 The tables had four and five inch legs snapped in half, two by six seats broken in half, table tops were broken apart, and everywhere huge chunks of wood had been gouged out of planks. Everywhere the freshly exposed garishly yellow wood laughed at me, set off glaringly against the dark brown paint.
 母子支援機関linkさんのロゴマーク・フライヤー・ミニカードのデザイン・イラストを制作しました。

========================

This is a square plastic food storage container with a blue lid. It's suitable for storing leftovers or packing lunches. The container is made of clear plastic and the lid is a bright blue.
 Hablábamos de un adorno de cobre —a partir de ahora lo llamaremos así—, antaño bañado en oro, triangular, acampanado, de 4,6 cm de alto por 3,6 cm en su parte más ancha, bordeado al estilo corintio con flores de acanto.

========================

Above are the entries. Copy exactly the part that opens with the line containing "The tables had" and closes with the line containing "母子支援機関linkさんのロ", and no more.

> [Written solution]
 The tables had four and five inch legs snapped in half, two by six seats broken in half, table tops were broken apart, and everywhere huge chunks of wood had been gouged out of planks. Everywhere the freshly exposed garishly yellow wood laughed at me, set off glaringly against the dark brown paint.
 母子支援機関linkさんのロゴマーク・フライヤー・ミニカードのデザイン・イラストを制作しました。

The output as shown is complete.